Task description:
Print, word for word, every line from the beginning of the listing up to and including the line with "- Owner’s master". Pictures are to be excluded.

Dataset extract:

────────

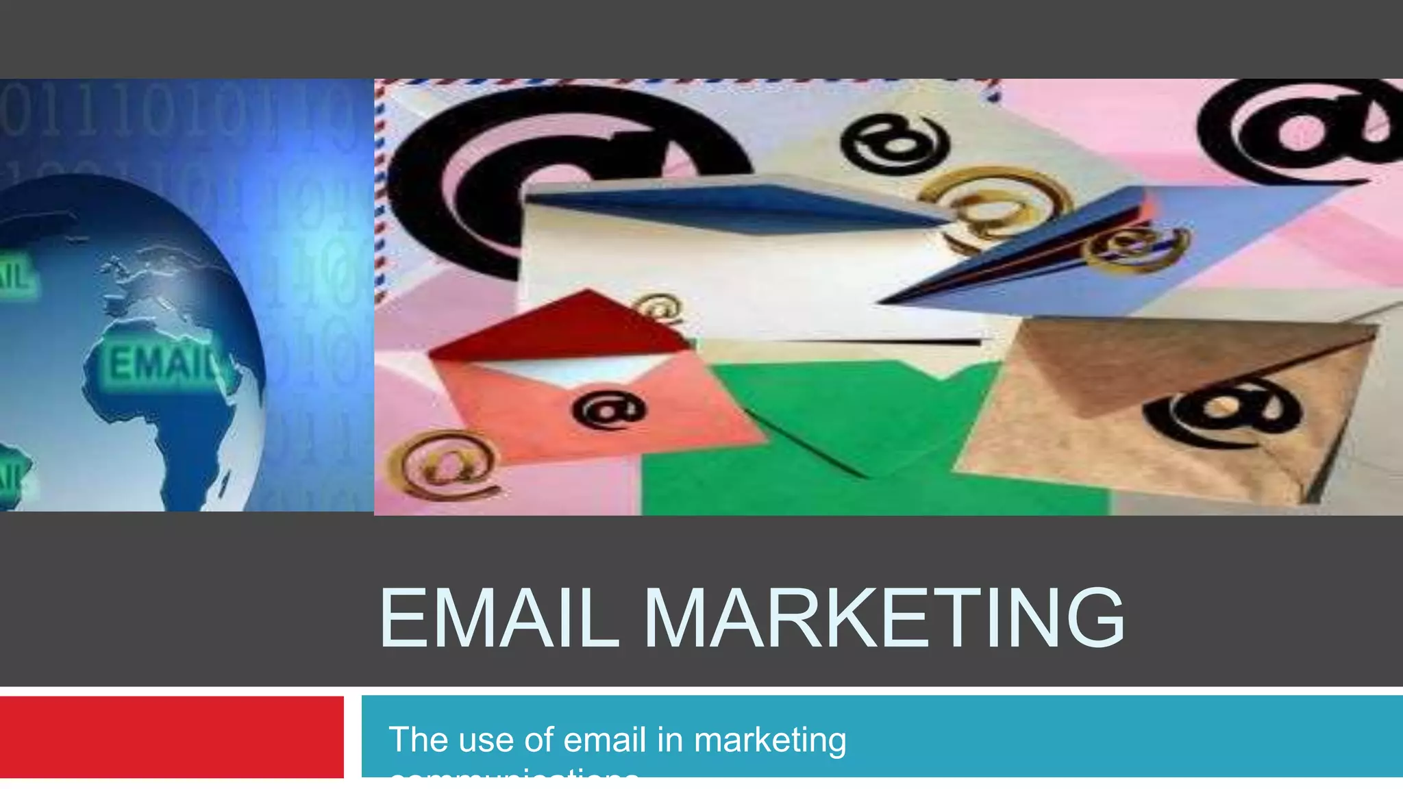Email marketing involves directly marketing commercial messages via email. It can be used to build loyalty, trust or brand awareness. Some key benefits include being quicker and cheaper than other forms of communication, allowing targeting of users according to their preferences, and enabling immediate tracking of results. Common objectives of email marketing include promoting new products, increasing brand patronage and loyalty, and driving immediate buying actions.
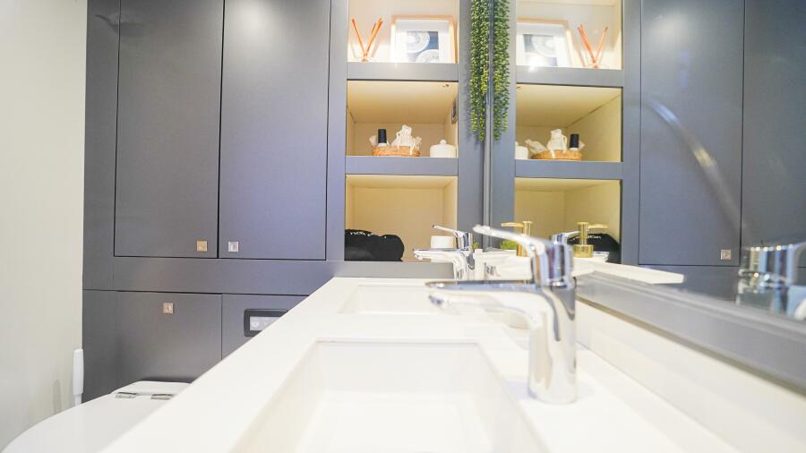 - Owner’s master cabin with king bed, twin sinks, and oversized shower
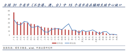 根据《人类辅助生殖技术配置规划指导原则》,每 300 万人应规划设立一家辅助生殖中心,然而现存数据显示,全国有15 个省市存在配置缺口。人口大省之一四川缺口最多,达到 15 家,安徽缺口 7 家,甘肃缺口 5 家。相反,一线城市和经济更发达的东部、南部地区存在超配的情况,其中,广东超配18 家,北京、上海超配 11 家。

────────

Result for this exercise:
Email marketing involves directly marketing commercial messages via email. It can be used to build loyalty, trust or brand awareness. Some key benefits include being quicker and cheaper than other forms of communication, allowing targeting of users according to their preferences, and enabling immediate tracking of results. Common objectives of email marketing include promoting new products, increasing brand patronage and loyalty, and driving immediate buying actions.
 - Owner’s master cabin with king bed, twin sinks, and oversized shower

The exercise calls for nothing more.